This is music that is very close to Robin Ticciati's heart; he describes Schumann as one of his favourite composers and has often spoken about how important poetry, colour and story are to Schumann's music.

Symphony No 1 ('Spring') blazes and sparkles with joy, Symphony No 2 finds its way carefully through to the safe haven of its final movement, while the much-loved Symphony No 3 (‘Rhenish') moves with huge ease and assurance to a resonant and joyful conclusion. Symphony No 4 is radical in the way each movement attacks the start of the next movement with barely a pause, and in its minute-and-a-half-long, shimmering and horn-call-filled transition to the finale. Under Ticciati and the SCO it is magnificent, the radical, soaring, disturbing and exhilarating symphony Schumann intended.
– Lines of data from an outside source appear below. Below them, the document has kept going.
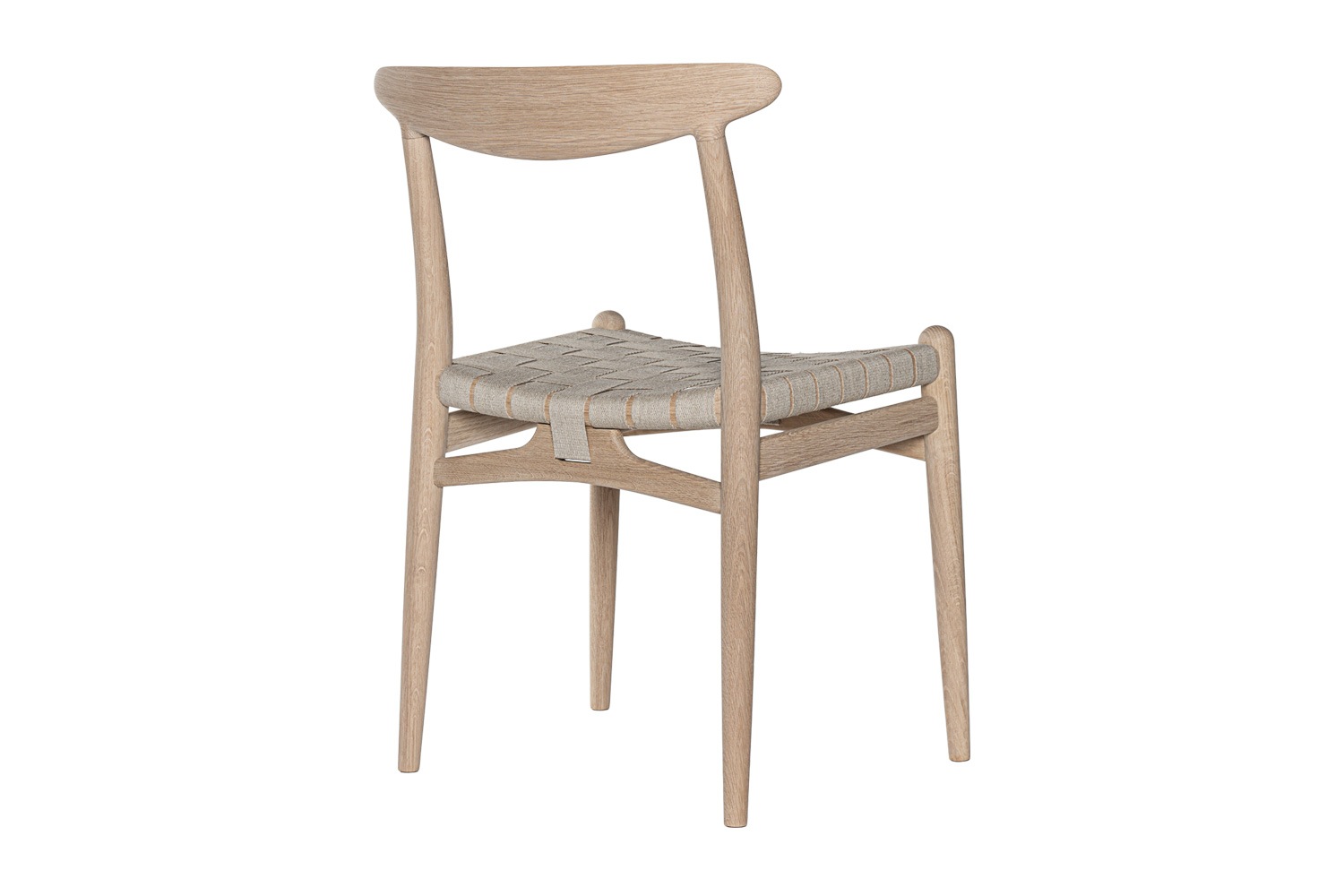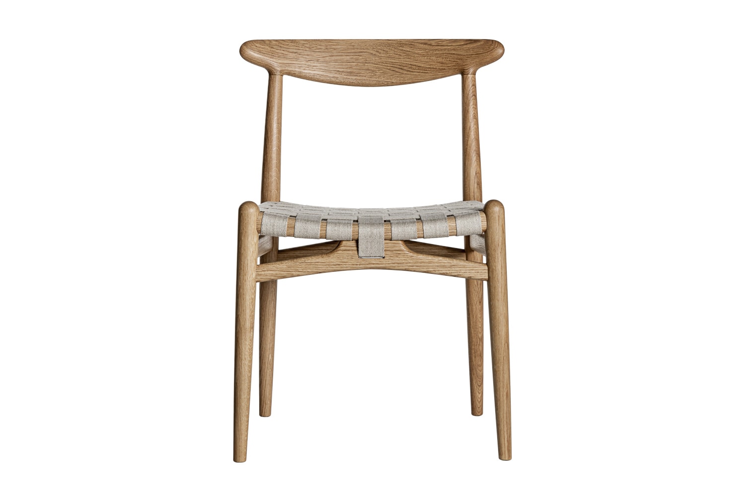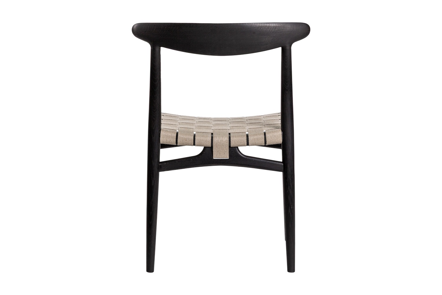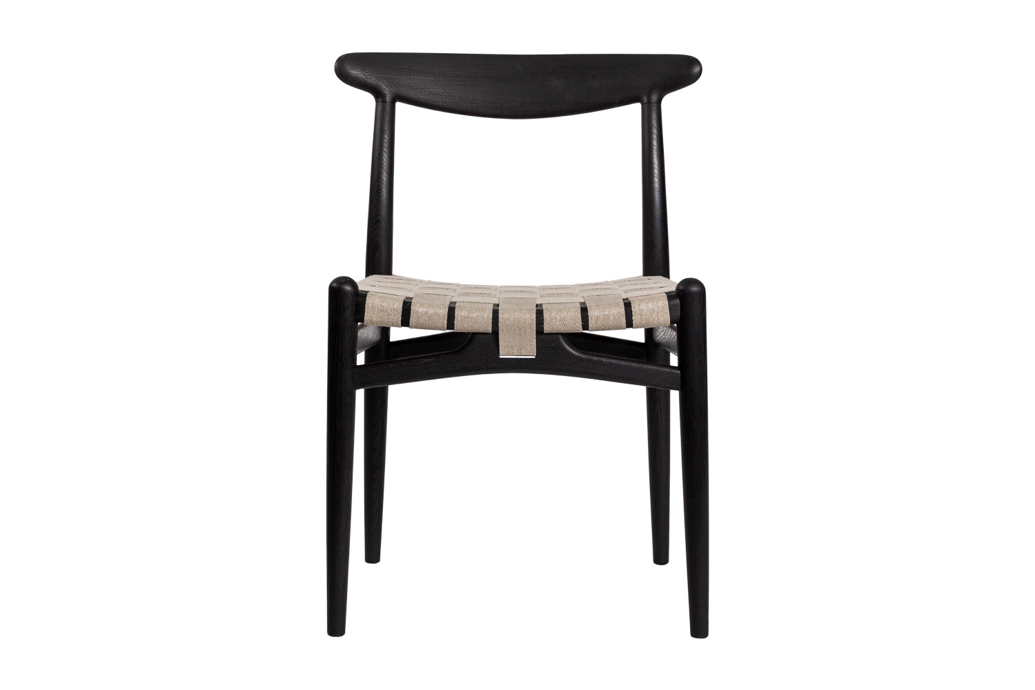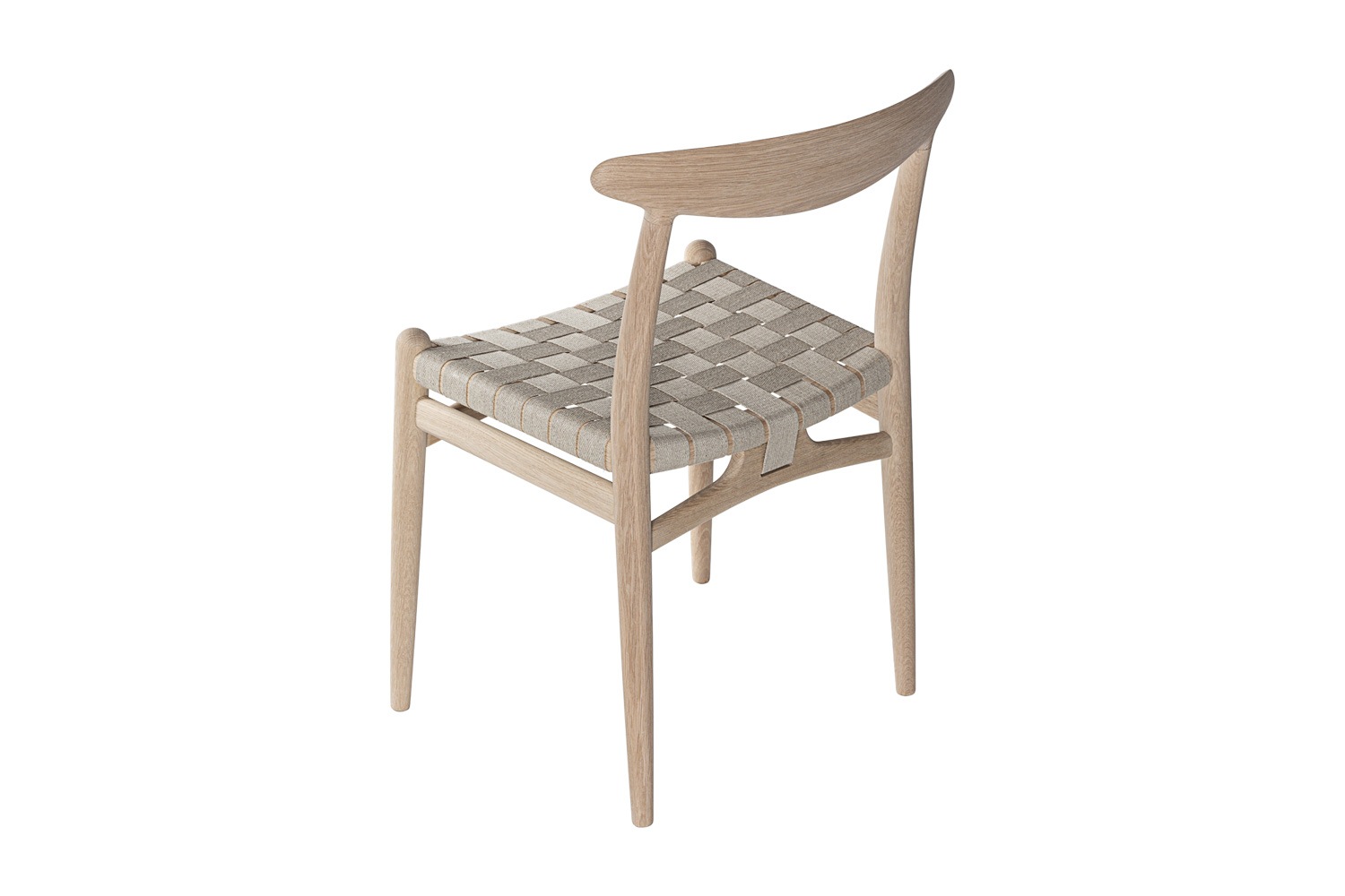 PP101チェアは、水平にカーブした背もたれや、リネンのウェビングで手織りされた座面、ウェビングの張力を維持するためにデザインされた優美なフロントレールが特徴的。ウェグナーの、プロポーションやディテールへのこだわりが見て取れます。
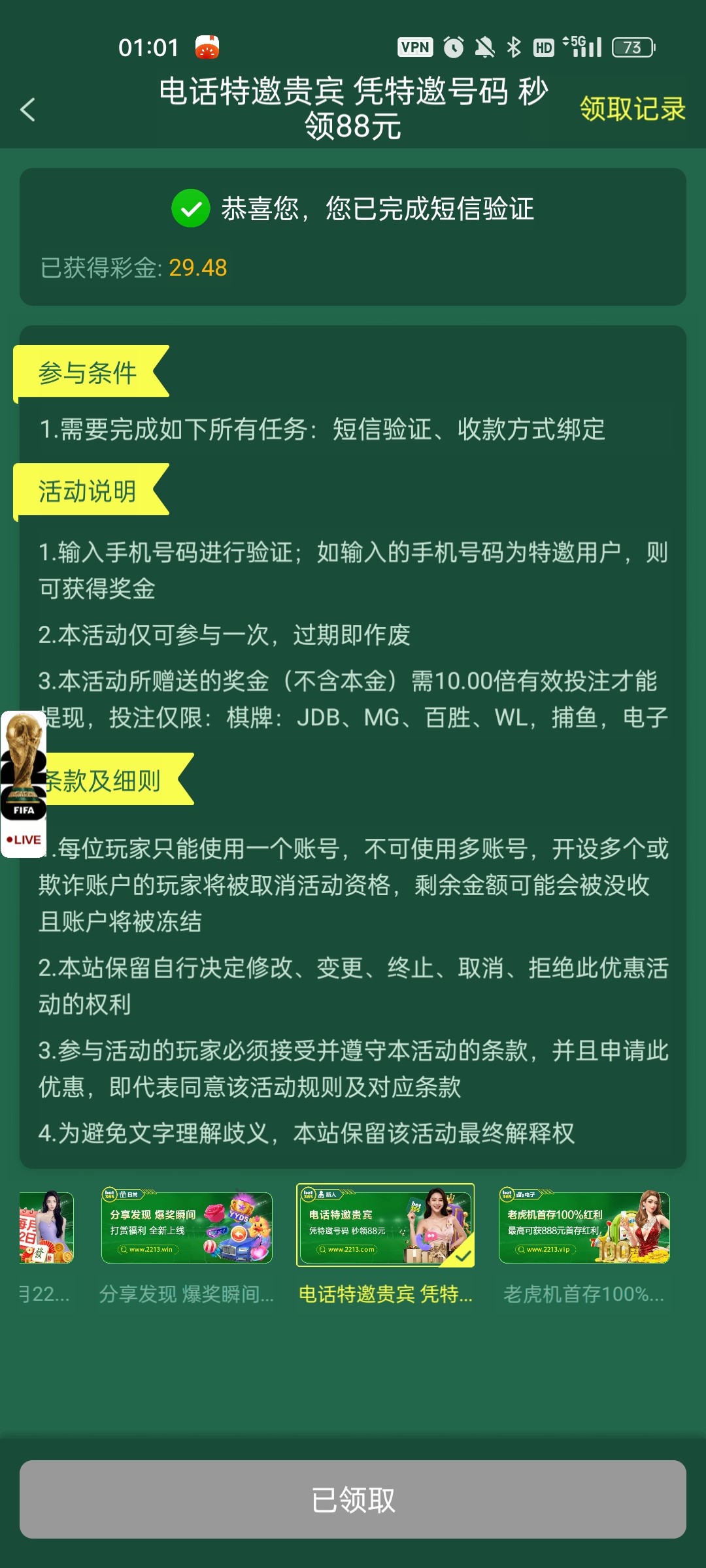 下载APP注册绑卡打10倍水提现,提钱包要充值一笔最低10起充,提现最低10起提好像。
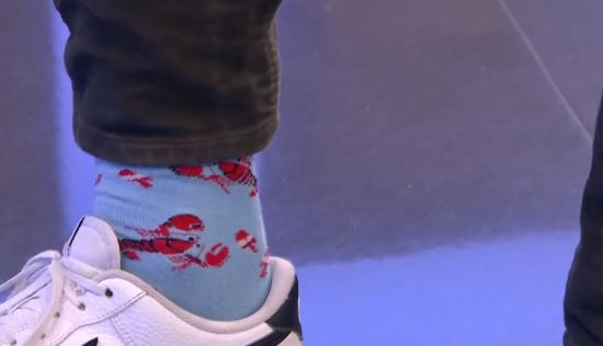 «Στόχος μου είναι όλη η Ελλάδα να τρώει αστακούς όποτε θέλει», είπε ο Στέφανος δείχνοντας τις κάλτσες που απεικόνιζαν αστακούς.

The SCO's smaller forces bring a lightness of touch and a clarity to the counterpoint; under Ticciati they achieve a sense of movement that no previous recording has.

A 24-bit 192 kHz studio master for this album is available from the Linn Records website.


'Clarity has been a common feature of recent recordings of Schumann's orchestral music, giving the lie yet again to the old canard about his cack-handed orchestral abilities. Here, close reading of the score combines with Philip Hobbs's transparent surround-sound engineering (Perth Concert Hall last November and December) in a recording teeming with revealing detail. Ticciati clearly knows how he wants this music to go and his strong partnership with the Edinburgh players enables him to shape readings notable for their energy and individuality. The Fourth receives a particularly forceful performance, with go-ahead tempi combining with its bolstered orchestration to demonstrate how the earlier version was but a transitory stage in the work's evolution. In the Second, too, Ticciati shows how this is the most uneasy expression of the key of C major, the final songful peroration hard-won through the obsessions of the earlier movements. Throughout, the performances are characterised by a woodwind sweetness that is becoming a trademark of this orchestra. The timpanist uses hard sticks to cut through the texture at strategic moments and brass are doleful or stentorian as required. This is an extremely likeable and beautifully recorded traversal, worthy of standing alongside any of its recent competitors' (Gramophone)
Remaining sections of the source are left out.